从那之后,冷锋就一直看花心风流的赵兴宾不顺眼。
同样的,赵兴宾对冷锋也不感冒,认为他就是道貌岸然,装逼上瘾罢了。
之后,赵兴宾又因为一些渊源,认识了冷潇,纠缠过几天,结果自然是被冷潇一顿胖揍。
于是,本就互相看不顺眼的两个人,就更加看对方不顺眼了。
得知两人还有这个渊源,我也是有些无语。
“那你怎么说,要回去吗?我找别人帮忙也一样的。”我本来的想法是找庄闲或者闻文西来着,但是对比一下,跟冷锋更熟一些,而且他怎么说也是冷潇的哥哥,不会对我见死不救,所以我才选择了他。
但是,如果他真的跟
这个赵兴宾关系很不好的话,我也不想强人所难。
冷锋抱着双臂闭上眼睛,说道:“无妨。

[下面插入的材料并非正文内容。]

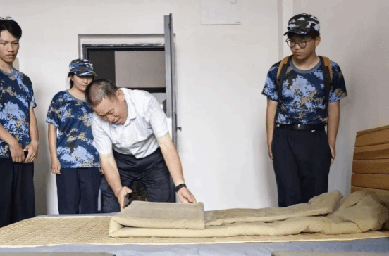 来到教官宿舍,能看到屋内打扫干净整洁,物品摆放井然有序,床铺整理方方正正,军事化要求已经渗透他们生活的方方面面。教官向大家介绍了屋内各个区域武平摆放的要求标准,还向同学们特别展示了叠被子的步骤和技巧。教官们表示,内务整理锻炼的是自律的意识,磨练心性,也体现着中国军人的高标准严要求。

”
他说无妨,那就是真的没关系,这点我还是很信任他的。
于是,我将赵兴宾身上的事跟他说了一遍,并且说了自己的猜测。
我说起自己的猜测时,特意凑到他耳边说的,因为我觉得,那个下咒的人肯定在赵兴宾身边。
我们必须要找出这个人才行。
“我觉得那个人很可能是他曾经伤害过的女人,正好你认识他,有没有什么想法?”
他瞥了我一眼,说道:“你觉得什么是伤害?”
我一愣,瞬间就明白了他的话。
对啊,在渣男的眼里,那些可能都不叫伤害,可是对于普通人而言,玩弄人家的感情后再把人甩掉,就是一种伤害。
所以,被伤害的人都有谁,从旁观者的角度是无法猜测的,只有被伤害的那个人才知道。
我陷入了沉思,我不说话后,车上顿时安静下来,一路无话的来到了赵兴宾的家里。
他一个人住着一把八十多平的房子,装修非常的豪华,堪比五星级酒店。
不过我无心欣赏,一进门就到处看起来,问道:“你家里有什么玩偶啊,布娃娃之类的东西吗?”

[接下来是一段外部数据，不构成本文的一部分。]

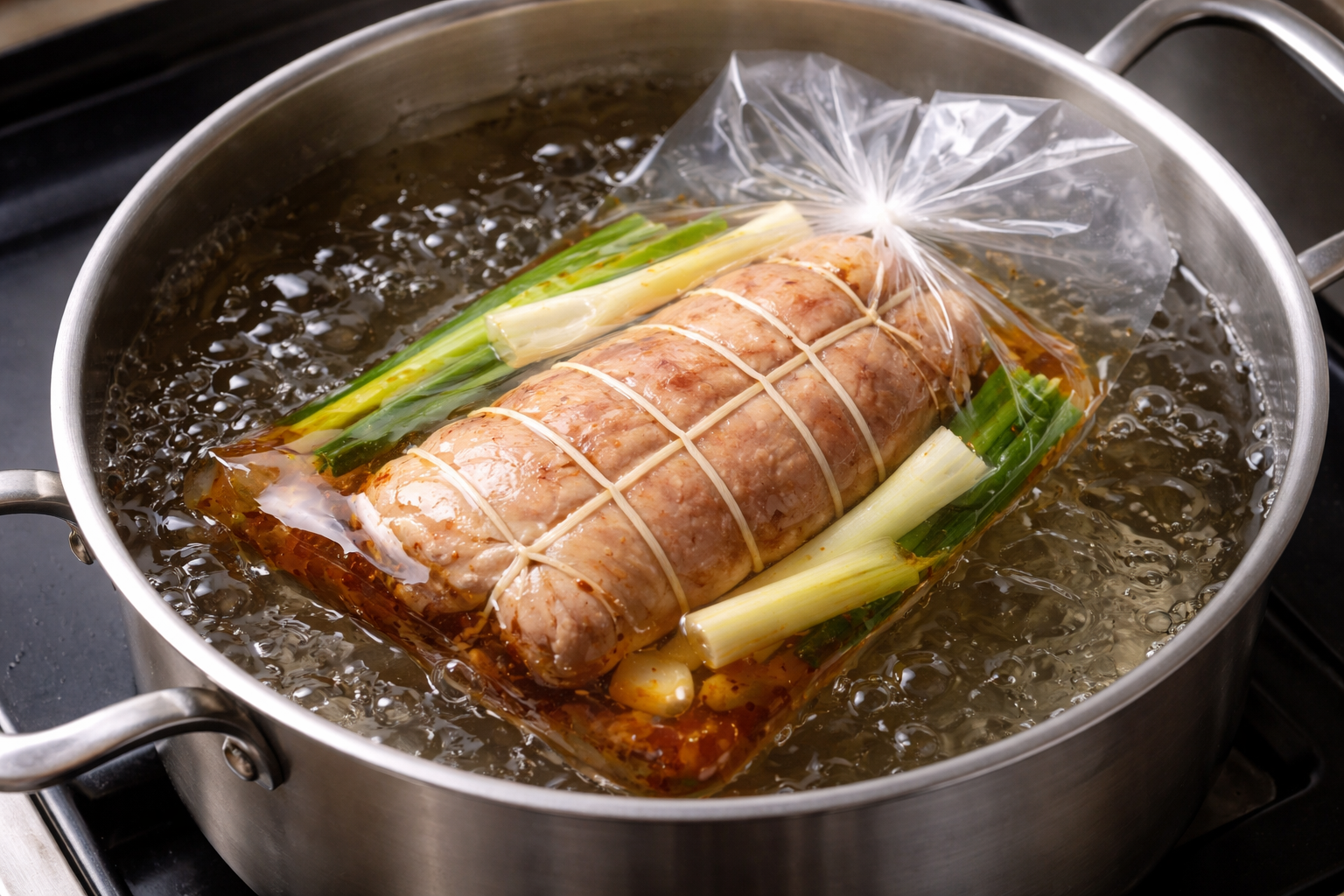 一般的には、豚肉の表面をフライパンで軽く焼き、調味料と一緒に耐熱袋へ入れたあと、鍋の湯で加熱します。

赵兴宾脱掉外套,往沙发上一坐,轻轻捂着自己受伤的位置,说道:“我一个大男人,怎么会有那种东西?”
可是,目前死去的沈晴和蔡佳鑫身边,都有一个布娃娃。
那个东西
应该就是诅咒的媒介,我以为赵兴宾这里应该也会有的。
冷锋在捏着一道黄符在里面转了一圈回来,说道:“他的情况跟那两个死去的女人不一样,因为她们已经死了,所以媒介失去了作用,丢掉也无所谓了。”
“而他,则处于正在被诅咒的过程中,媒介必须在下咒人的手中才能进行。当务之急,先要搞清楚两件事。”
他一说我就想明白了,诅咒这种东西,自然是人死了就结束了。
我刚才是先入为主,进入了一个误区,认为只要被诅咒的人,身边就会有媒介了。
至于冷锋说的两件事,我也很清楚,第一当然是下咒人在哪里?
第二则是,为什么下咒以及咒发的契机是什么?
目前来看,咒发的契机是赵兴宾和女人的联系,但是我总觉得这一条有些扯,若是跟女人联系诅咒就会应验,这限制未免太大了些。
我本来想的是亲密接触,可是蔡佳鑫和她的妈妈,跟赵兴宾并没有亲密接触,也已经死了。
因此,这两条都搞不清楚。
我想了想道:“那就用排除法吧,你身边平时跟你玩得好的朋友,同时接触过沈晴和蔡佳鑫的都有谁?
你把他们都叫过来,就说请他们玩。”
赵兴宾有些不自然的说道:“那就有些多了。”
一个小时后,我一脸黑线的坐在ktv包厢里,看着一包厢吵闹的男男女女,心说人渣就是人渣,生活太靡乱了。
我的左边是
一脸冷漠的冷锋,右边是赵兴宾,他的旁边则是一个女人,那女人是我请陈五找来帮忙当诱饵的。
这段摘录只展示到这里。